As the sector looks ahead, there are mounting fears that government policy could deepen the crisis. The UK government’s ambition, set out in June’s Industrial Strategy, is to restore domestic car production to 1.3 million vehicles a year. But that goal is now in jeopardy, industry leaders warn, if Chancellor Rachel Reeves proceeds with plans to end tax breaks for Employee Car Ownership Schemes (ECOS).
These schemes allow automotive workers to buy the cars they help make at preferential rates, a key part of remuneration in the sector. According to the SMMT, reclassifying ECOS vehicles to make them liable for company car tax would put them “out of reach for most automotive workers.” The impact could be severe: 60,000 manufacturing workers affected, 80,000 fewer new car sales per year, and a reduction in UK production volumes by up to 20,000 cars.

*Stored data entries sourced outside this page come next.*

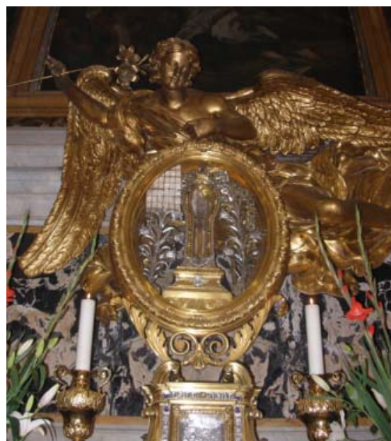
Reliquia de San Francisco Javier, Iglesia del Gesù

Al final de su encuentro, el Padre Nicolás ha explicado a Benedicto XVI la tradición en la que el recién elegido General ha de renovar sus votos delante del Papa. En su momento el Padre Kolvenbach lo hizo por escrito, así que el nuevo Superior General de la Compañía le entregó sus votos en un sobre. El Papa abrió inmediatamente el sobre, leyó su contenido, y dijo al Padre Nicolás: “Esta es una muy buena tradición.”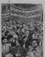
Германская Демократическая Республика. Накануне выборов в Народную палату ГДР (7 октября) состоялся собрание и митинг избирателей, на котором выдвигались кандидаты в состав депутатско-персонального представительства сельского хозяйства, общественные деятели, работники культуры и науки. На снимке: митинг избирателей в Дрездене.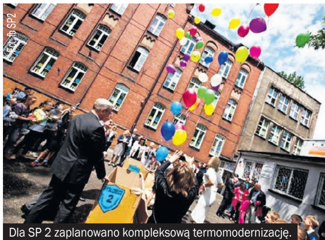
Dla SP 2 zaplanowano kompleksową termomodernizację.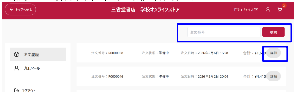
図 4-2 注文履歴一覧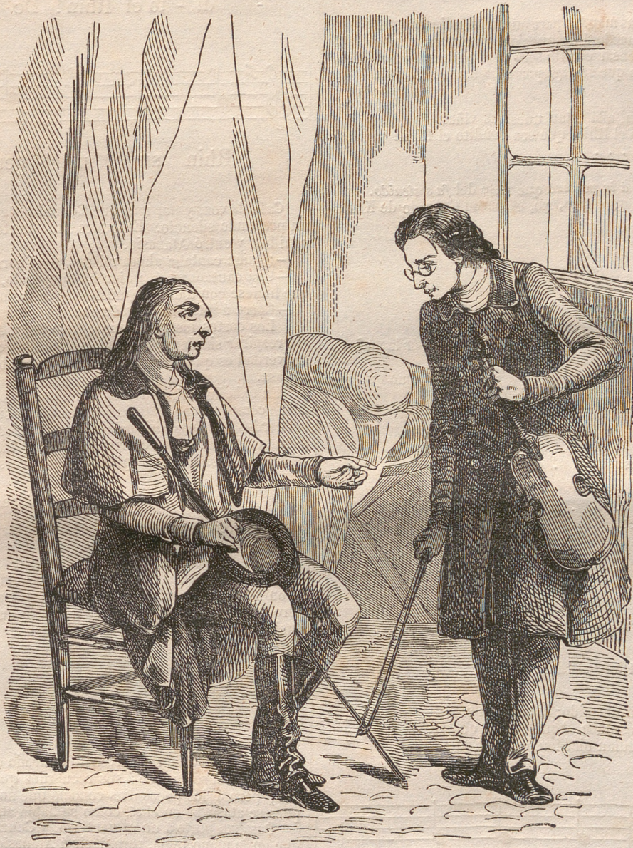
Caballero, le dijo Conrado, hacedme el gusto de cantar la copla en cuestión.—Pág. 16.

—Tienes razón, voy á hacer testamento. Vete.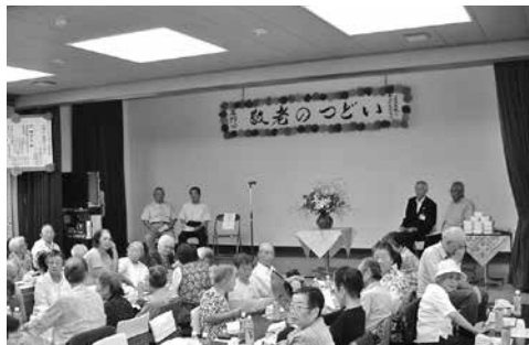
高齢者96名の参加がありました

平成26年9月6日(土)に第29回「敬老のつどい」を開催いたしました。77歳以上の方96名参加、米寿のお祝い対象者は46名おり、そのうち12名の参加がありました。これは今までにない多くの方の出席となりました。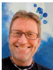
HC Medlien Tankevekker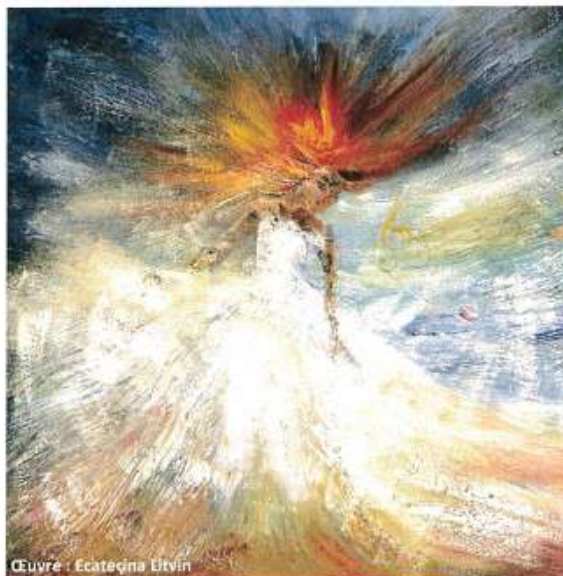
Œuvre : Ecaterina Dîvin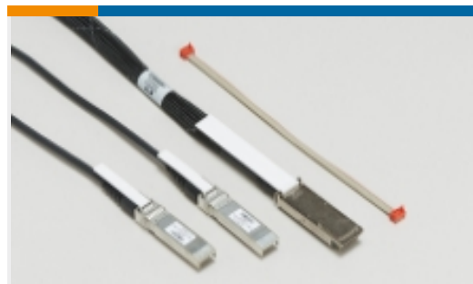
插拔式 I/O 电缆部件(19)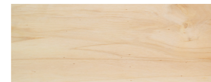
Beispiel Qualität BB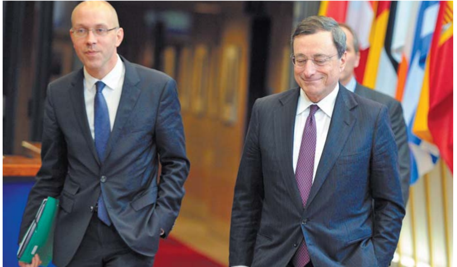
El presidente del BCE, Mario Draghi (derecha) y el miembro del consejo de la entidad Jorg Asmussen, ayer en Bruselas.

Aprovechando el desbloqueo del rescate chipriota, que rompe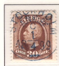
Blå stämpel, Stockholm Ank.

The SMMT estimates this would mean a revenue loss of more than £1 billion, 5,000 jobs at risk, and a near £500 million hit to government finances from lost VAT and Vehicle Excise Duty receipts.
“The move to scrap ECOS immediately puts that ambition in doubt and must be reversed given the damage it will inflict on the sector and exchequer revenues,” said Mike Hawes, echoing a chorus of industry voices urging the government to reconsider ahead of the November 26 Budget.
Despite the grim numbers, there are glimmers of hope. Ian Plummer, boss of the UK’s biggest car-selling platform Autotrader, told BBC that demand for JLR brands remains strong, even if the supply pipeline is currently blocked. “It’ll be a bit like Covid, where after the shutdown and delays end, there’s a surge in demand and sales,” he predicted. But for now, the sector’s recovery hinges on both technological resilience and supportive government policy.
As the dust settles from the most expensive cyberattack in British history, the message from Britain’s carmakers is clear: the industry is battered, but not beaten. With the right support, they believe a comeback is possible—but the road ahead will require more than just patching up old systems. It’ll take vision, investment, and, crucially, a little bit of luck.